Foi um longo processo de volta à matéria. Penoso,
às vezes. Diferente de tantos, era muitas vezes difícil ter consciência da
dureza do universo atômico. Em várias ocasiões me custou manter laços com o
mundo do tempo-espaço. Conheci a mentira e a falta de caráter que certas
pessoas conseguem guardar sob a máscara do amor. Mas também encontrei o perdão
e a incondicionalidade do bem querer. Na verdade, nós humanos, somos de tudo
capazes, das maiores traições às mais encantadoras renúncias. É nosso grau de
espírito que direciona nossas ações. Por elas nos desvelamos inteiramente.
Basta observar, que toda a verdade se revela num clarão.

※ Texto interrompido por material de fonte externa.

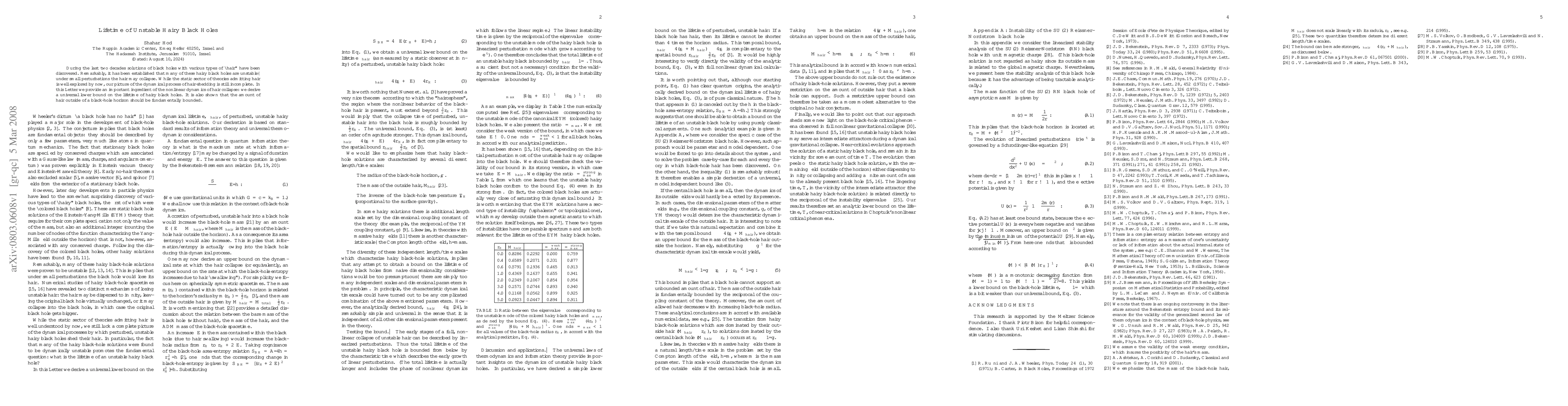 The research derives a universal lower bound on the lifetime of perturbed, unstable hairy black holes using analytical methods, starting from a fundamental equation (1) with quantum origins that simplifies to a purely classical bound for the lifetime (τhair ≥ 4rH).

Quantas vidas não vivi em oito anos... Mas todas
elas vitoriosas, que valeram a pena dos sofrimentos; que fizeram regozijar
pelas alegrias encontradas. Cada uma delas necessária ao meu pleno retorno à
matéria.
Bem vindo ao mundo, digo eu a mim mesmo oito anos
depois. Tudo valeu a pena. Sempre vale. Sempre valerá. Minha alma, então, não é
nada pequena. Outra vez pertenço à fictícia realidade das expiações e sofrimentos.
Mas pela primeira vez sou pleno. Me encontrei dentro de mim mesmo.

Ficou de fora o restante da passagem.